Python Code Optimization LineProfiler [closed]

Python Code Optimization LineProfiler [closed] - python

Closed. This question does not meet Stack Overflow guidelines. It is not currently accepting answers.
Questions concerning problems with code you've written must describe the specific problem — and include valid code to reproduce it — in the question itself. See SSCCE.org for guidance.
Closed 9 years ago.
Improve this question
My function gets a combinations of numbers, can be small or large depending on user input, and will loop through each combinations to perform some operations.
Below is a line-profiling I ran on my function and it is takes 0.336 seconds to run. While this is fast, this is only a subset of a bigger framework. In this bigger framework, I will need to run this function 50-20000 times which when multiplied to 0.336, takes 16.8 to 6720 seconds (I hope this is right). Before it takes 0.996 seconds but I've manage to cut it by half through avoiding functions calls.
The major contributor to time is the two __getitem__ which is accessing dictionary for information N times depending on the number of combinations. My dictionary is a collection data and it looks something like this:
dic = {"array1", a,
"array2", b,
"array3", c,
"listofarray", [ [list of 5 array], [list of 5 array], [list of 5 2d Array ] ]
}
I was able to cut it by another ~0.01 seconds when I placed the dictionary lookback outside of the loop..
x = dic['listofarray']['list of 5 2d array']
So when I loop to get access to the the 5 different elements I just did x[i].
Other than that I am lost in terms of where to add more performance boost.
Note: I apologize that I haven't provided any code. I'd love to show but its proprietary. I just wanted to get some thoughts on whether I am looking at the right place for speed ups.
I am willing to learn and apply new things so if cython or some other data structure can speed things up, i am all ears. Thanks so much
PS:
inside my first __getitem__:
inside my second __getitem__:
EDIT:
I am using iter tools product(xrange(10), repeat=len(food_choices)) and iterating over this. I covert everything into numpy arrays np.array(i).astype(float).

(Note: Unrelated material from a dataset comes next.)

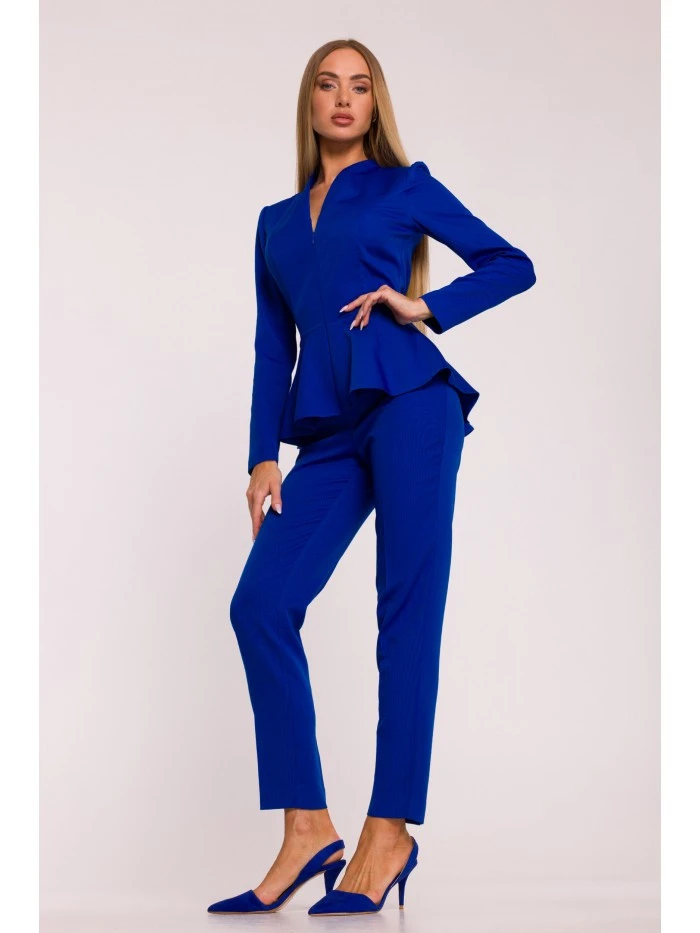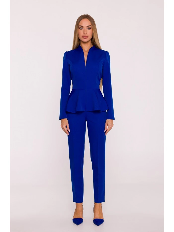 materiál: 95% polyester 5% elastan Tkanina: hladká tkanina s matným povrchem PODROBNOSTI O PRODUKTU Výstřih: výstřih do V s nastavitelnou hloubkou Rukávy: dlouhé Zapínání: vpředu na skrytý zip, vzadu na skrytý zip Pas: vypasovaný, zvýrazněný stylovým peplumem Nohy: zúžené směrem k lemu, délka ke kotníkům Kapsy: žádné Podšívka: žádná Model: M878 Navrženo a vyrobeno v Polsku Modelka na fotografii je vysoká 171 cm a má na sobě velikost S STYL A STŘIH Styl: jednodílný overal, vypasovaný v horní části těla, s peplumem zakrývajícím boky, část hýždí a oblast břicha Tvar: zvýrazňující postavu, s peplumem v pase a zúženými nohavicemi

The major contributor to time is the two __getitem__ which is accessing dictionary for information N times depending on the number of combinations.
No it isn't. Your two posted profile traces clearly show that they're NumPy/Pandas __getitem__ functions, not dict.__getitem__. So, you're trying to optimize the wrong place.
Which explains why moving all the dict stuff out of the loop made a difference of a small fraction of a percent.
Most likely the problem is that you're looping over some NumPy object, or using some fake-vectorized function (e.g., via vectorize), rather than performing some NumPy-optimized broadcasting operation. That's what you need to fix.
For example, if you compare these:
np.vectorize(lambda x: x*2)(a)
a * 2
… the second one will go at least 10x faster on any sizable array, and it's mostly because of all the time spending doing __getitem__—which includes boxing up numbers to be usable by your Python function. (There's also some additional cost in not being able to use CPU-vectorized operations, cacheable tight loops, etc., but even if you arrange things to be complicated enough that those don't enter into it, you're still going to get much faster code.)
Meanwhile:
I am using itertools.product(xrange(10), repeat=len(food_choices)) and iterating over this. I covert everything into numpy arrays np.array(i).astype(float).
So you're creating 10**n separate n-element arrays? That's not making sensible use of NumPy. Each array is tiny, and most likely you're spending as much time building and pulling apart the arrays as you are doing actual work. Do you have the memory to build a single giant array with an extra 10**n-long axis instead? Or, maybe, batch it up into groups of, say, 100K? Because then you could actually build and process the whole array in native NumPy-vectorized code.
However, the first thing you might want to try is to just run your code in PyPy instead of CPython. Some NumPy code doesn't work right with PyPy/NumPyPy, but there's fewer problems with each version, so you should definitely try it.
If you're lucky (and there's a pretty good chance of that), PyPy will JIT the repeated __getitem__ calls inside the loop, and make it much faster, with no change in your code.
If that helps (or if NumPyPy won't work on your code), Cython may be able to help more. But only if you do all the appropriate static type declarations, etc. And often, PyPy already helps enough that you're done.

Related

Handling large list of lists in python

I have this mathematical task in which I am supposed to find some combinations, etc. That doesn't matter, the problem is that I am trying to do it with itertools module and it worked fine on smaller combinations (6 - places), but now I want to do the same for large combination (18 - places) so here I run into problem because I only have 8GB of RAM and this list comes around 5GB and with my system running it consumes all RAM and then program drops MemoryError. So my question is: what would be good alternative to the method I'm using(code below)?
poliedar_kom = list(itertools.combinations_with_replacement(range(0, 13), 18))
poliedar_len = len(poliedar_kom)
So when I have this list and it's length, the rest of program is going through every value in list and checking for condition with values in another smaller list. As I already said that's problem because this list gets too big for my PC, but I'm probably doing something wrong.
Note: I am using latest Python 3.8 64-bit
Summary: I have too big list of lists through which I have to loop to check values for conditions.
EDIT: I appreciate all answers, I have to try them now, if you have any new possible solution to the problem please post it.
EDIT 2: Thanks everyone, you helped me really much. I marked answer that pointed me to Youtube video because it made me realize that my code is already generator. Thanks everyone!!!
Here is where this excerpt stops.